# Given entries

====================

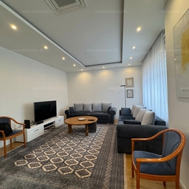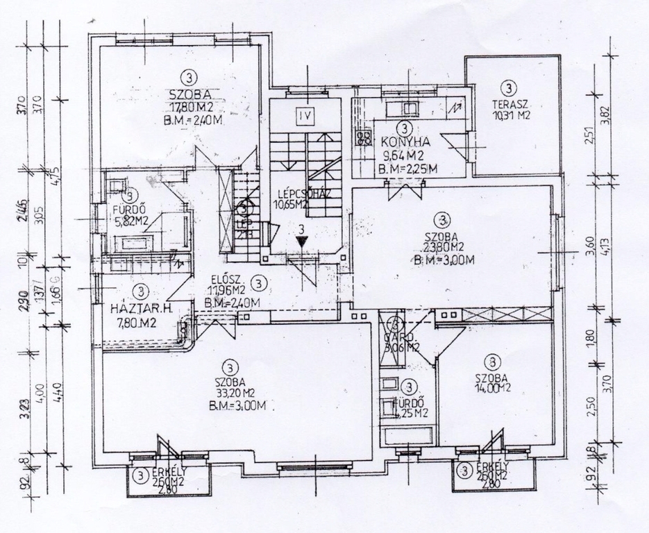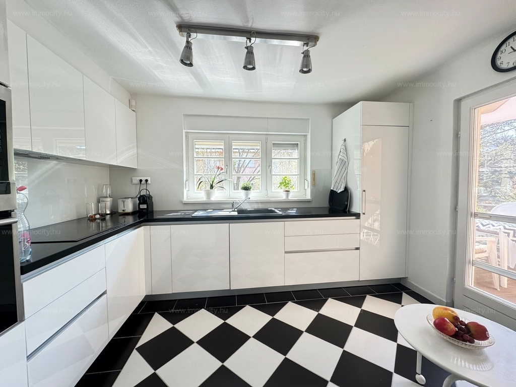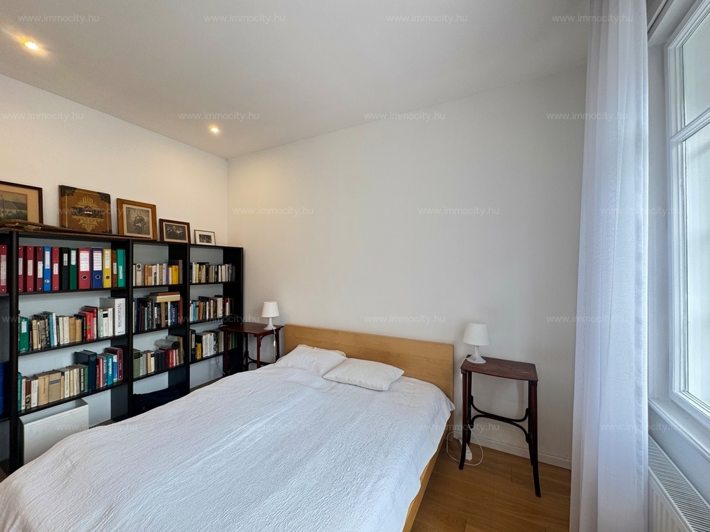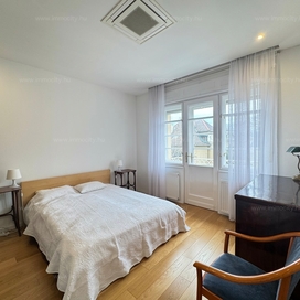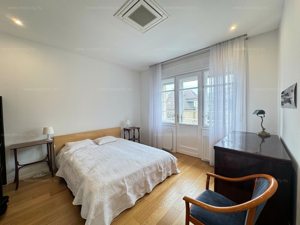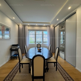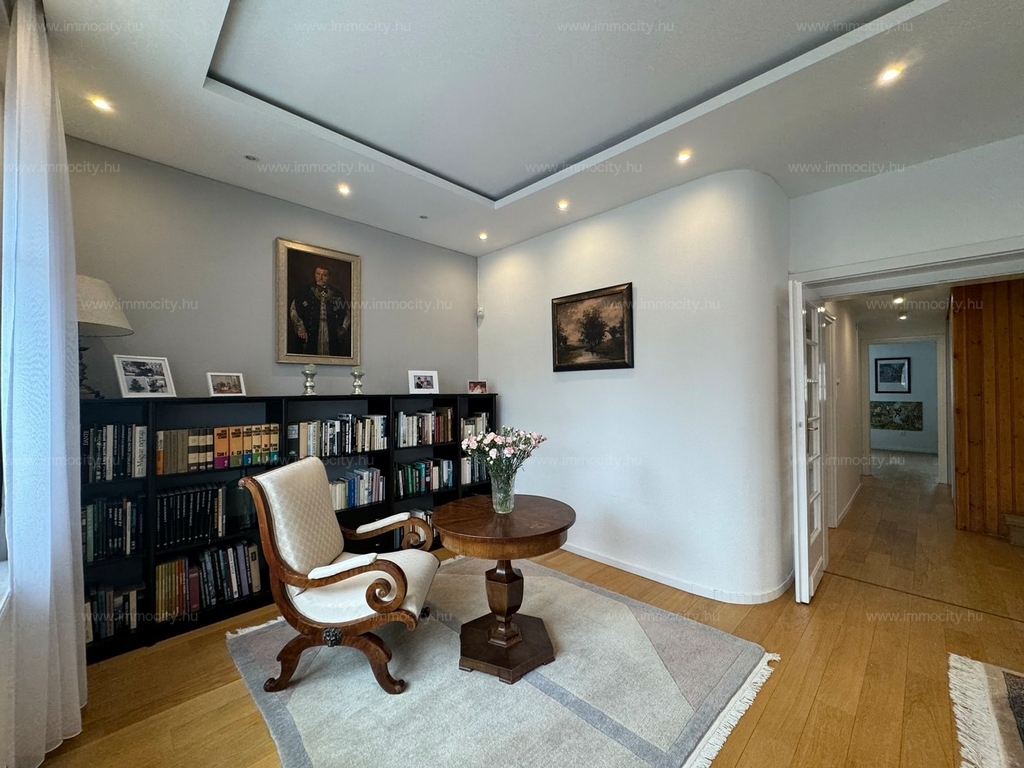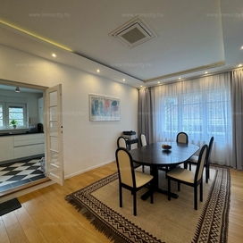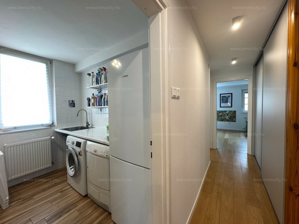 Jelenlegi kialakítása: tágas nappali kis erkéllyel, 2 hálószoba, ebédlő, garderobe, 2 fürdőszoba, ablakos mosókonyha. Minden helyiség a közlekedőből nyílik. A lakás központi helyisége a szép szárnyas ajtóval szeparálható konyha melletti 23 m2-es ebédlő nagy beépített szekrénnyel.
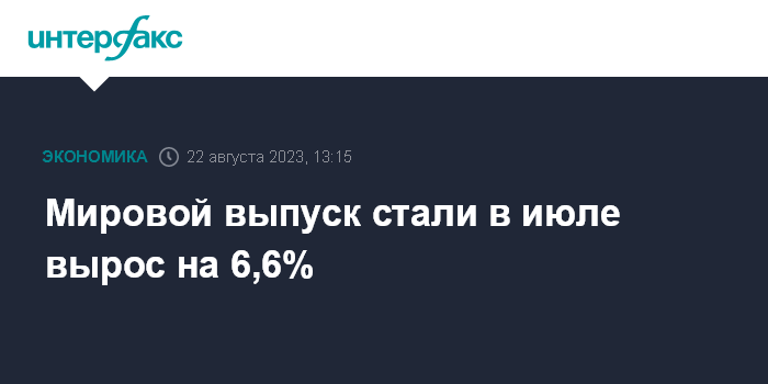 Москва. 22 августа. INTERFAX.RU - Производство стали в 63 странах мира, предоставляющих данные во Всемирную ассоциацию стали (World Steel Association), в июле 2023 года увеличилось на 6,6% по сравнению с аналогичным периодом 2022 года, до 158,5 млн тонн, сообщила организация.
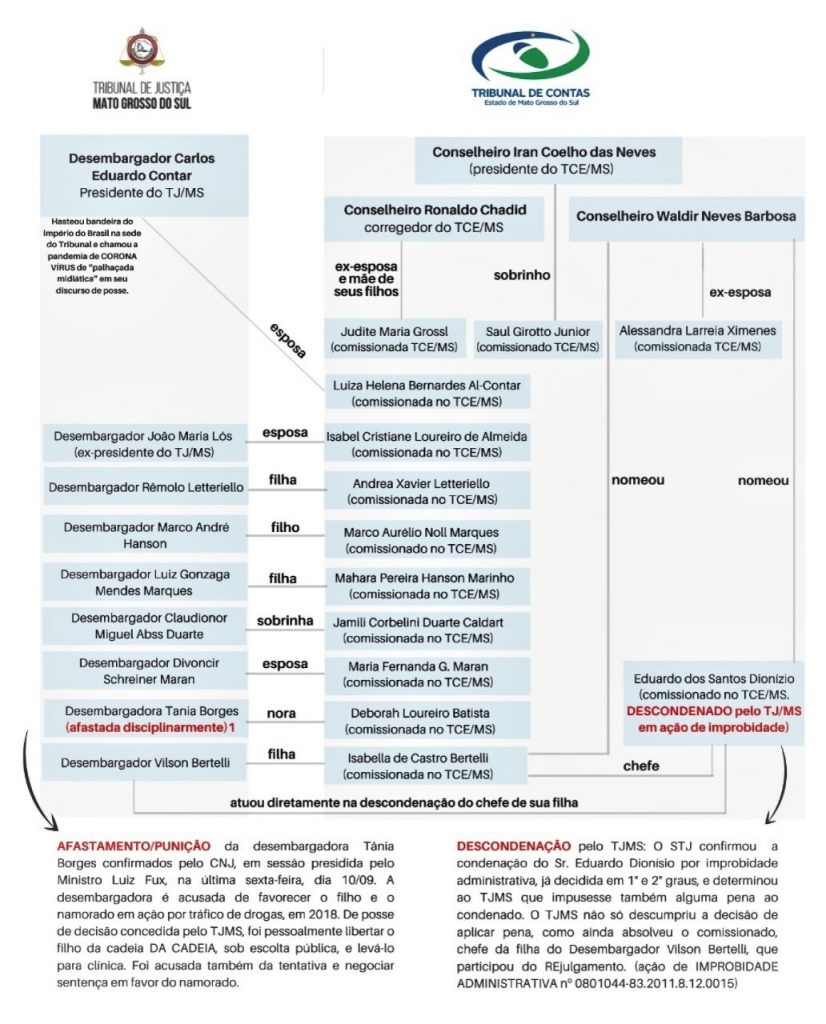 A Rede Pelicano Brasil de Direitos Humanos vem pesquisando e analisando o exercício de cargos em comissão por parentes de desembargadores junto a Tribunais de Contas. Segundo estudos que estão em andamento, só o Tribunal de Contas do Estado de Mato Grosso do Sul, tem mais de sete servidores parentes de desembargadores. Nada contra isso, mas para a Rede Pelicano Brasil de Direitos Humanos, talvez seria mais importante transformar cargos comissionados em cargos efetivos, com servidores concursados, isso sem falar que atualmente tem mais servidores assessorando do que auditando.
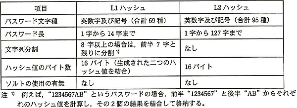 LMハッシュは昔のMicrosoftのOSであるLAN ManagerやWindows 95/NT等のパスワードを保存するために使われていたハッシュ関数です。パスワード長が最大14文字まで、またパスワードハッシュ作成時に7文字ずつ分割するため、7文字ごとに解析できる脆弱性があります。よって、Windows Vista以降のOSは既定値でLMハッシュを保存しないようになっています(既定値を変更すれば保存できます)。
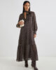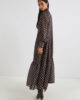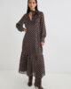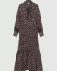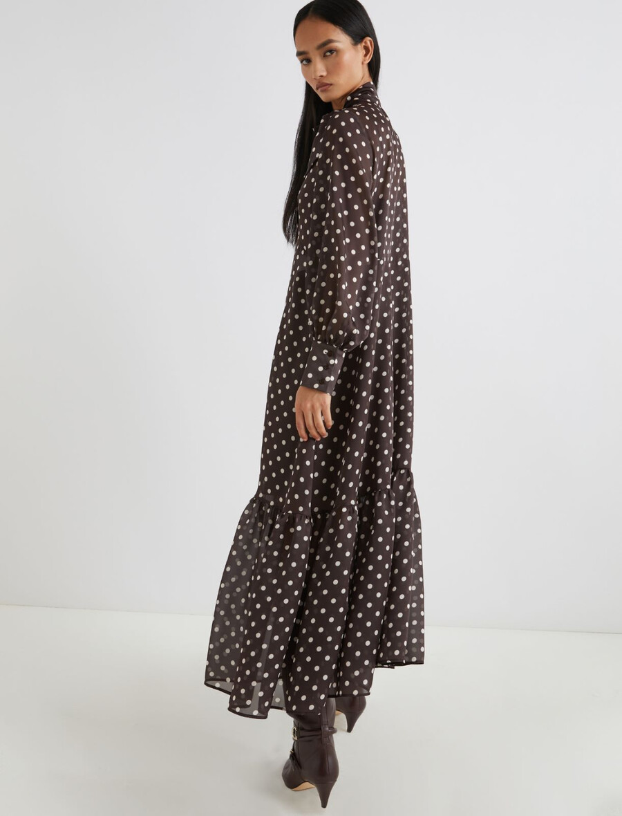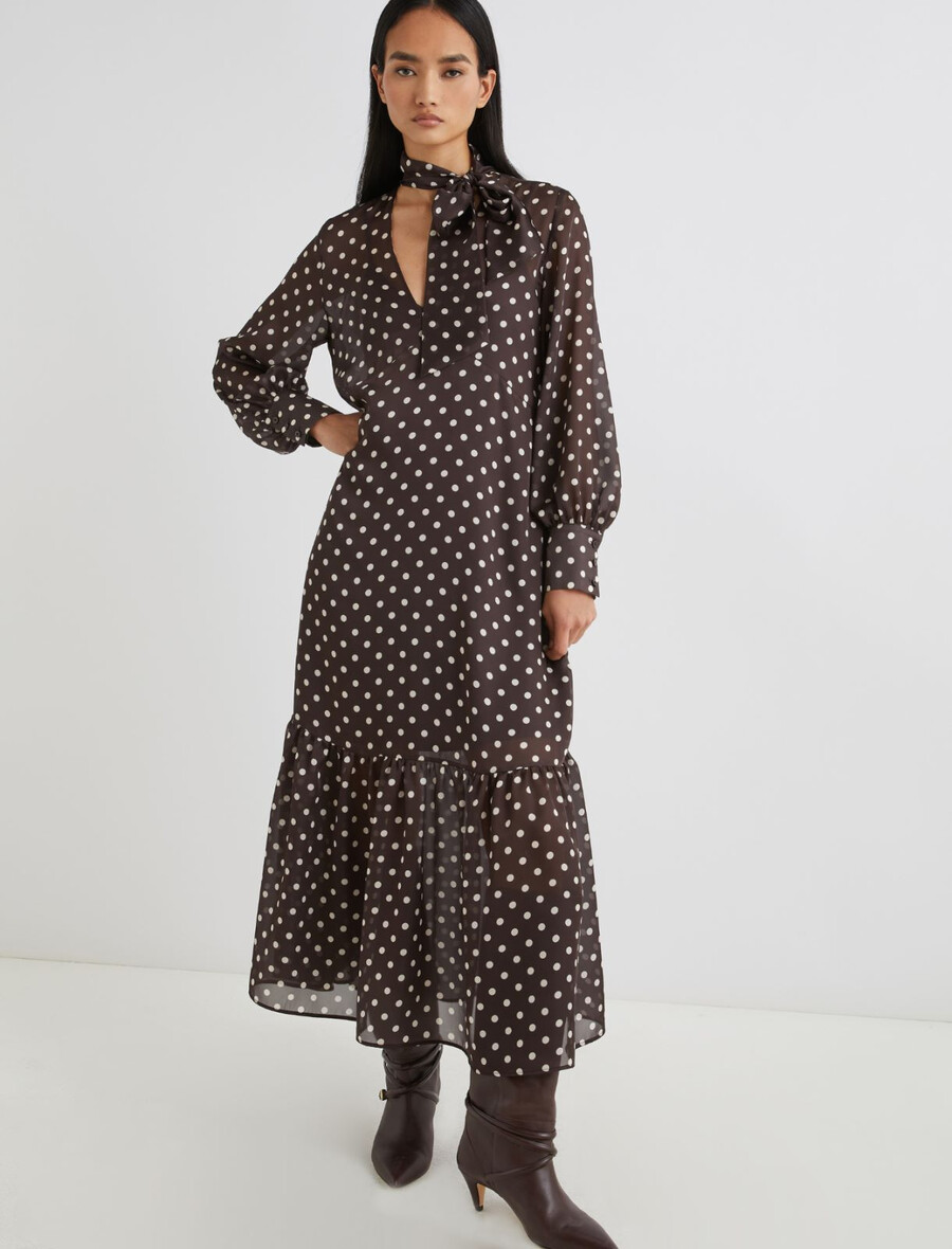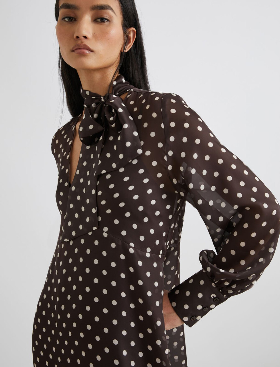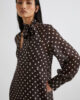 Elegantni pikčasti vzorci se srečajo z modernim modelom: novo šifonsko satenasto obleko z zavezujočo se ruto. Napihnjeni rokavi in volančki se poigravajo z najbolj romantičnimi vibracijami 80-ih.
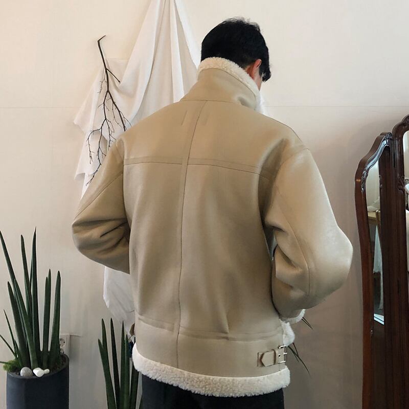 トレンドイミテーションラムベルベットファーオールインワンオートバイ服レザージャケットコート厚手コットン服の冬の新しい革メンズバージョン ウィンター 冬物 BLUU40566588672
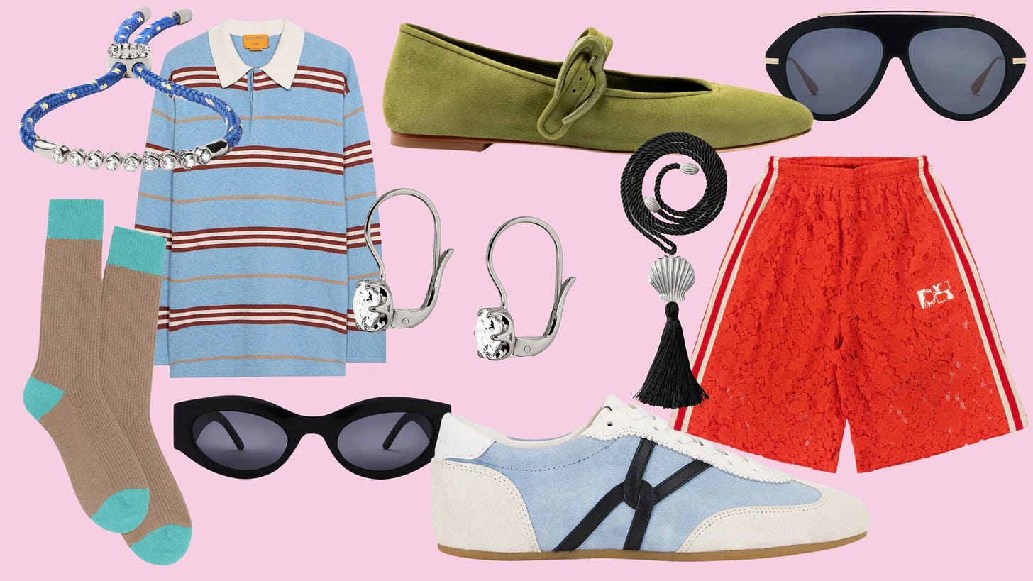 Dorsey Paracord Bracelet//Guest in Residence Cashmere Socks//GIR Striped Rugby//Le Specs Sunnies//Dorsey Earrings//Shop Julietta Shell Necklace//Larroude Flats//Dolly Sports Lace Shorts//Past Midnight Sunnies//Veronica Beard Sneakers

====================

# About this task
Please output the material above unchanged, apart from removing the pictures.

# Result of this task
 Jelenlegi kialakítása: tágas nappali kis erkéllyel, 2 hálószoba, ebédlő, garderobe, 2 fürdőszoba, ablakos mosókonyha. Minden helyiség a közlekedőből nyílik. A lakás központi helyisége a szép szárnyas ajtóval szeparálható konyha melletti 23 m2-es ebédlő nagy beépített szekrénnyel.
 Москва. 22 августа. INTERFAX.RU - Производство стали в 63 странах мира, предоставляющих данные во Всемирную ассоциацию стали (World Steel Association), в июле 2023 года увеличилось на 6,6% по сравнению с аналогичным периодом 2022 года, до 158,5 млн тонн, сообщила организация.
 A Rede Pelicano Brasil de Direitos Humanos vem pesquisando e analisando o exercício de cargos em comissão por parentes de desembargadores junto a Tribunais de Contas. Segundo estudos que estão em andamento, só o Tribunal de Contas do Estado de Mato Grosso do Sul, tem mais de sete servidores parentes de desembargadores. Nada contra isso, mas para a Rede Pelicano Brasil de Direitos Humanos, talvez seria mais importante transformar cargos comissionados em cargos efetivos, com servidores concursados, isso sem falar que atualmente tem mais servidores assessorando do que auditando.
 LMハッシュは昔のMicrosoftのOSであるLAN ManagerやWindows 95/NT等のパスワードを保存するために使われていたハッシュ関数です。パスワード長が最大14文字まで、またパスワードハッシュ作成時に7文字ずつ分割するため、7文字ごとに解析できる脆弱性があります。よって、Windows Vista以降のOSは既定値でLMハッシュを保存しないようになっています(既定値を変更すれば保存できます)。
 Elegantni pikčasti vzorci se srečajo z modernim modelom: novo šifonsko satenasto obleko z zavezujočo se ruto. Napihnjeni rokavi in volančki se poigravajo z najbolj romantičnimi vibracijami 80-ih.
 トレンドイミテーションラムベルベットファーオールインワンオートバイ服レザージャケットコート厚手コットン服の冬の新しい革メンズバージョン ウィンター 冬物 BLUU40566588672
 Dorsey Paracord Bracelet//Guest in Residence Cashmere Socks//GIR Striped Rugby//Le Specs Sunnies//Dorsey Earrings//Shop Julietta Shell Necklace//Larroude Flats//Dolly Sports Lace Shorts//Past Midnight Sunnies//Veronica Beard Sneakers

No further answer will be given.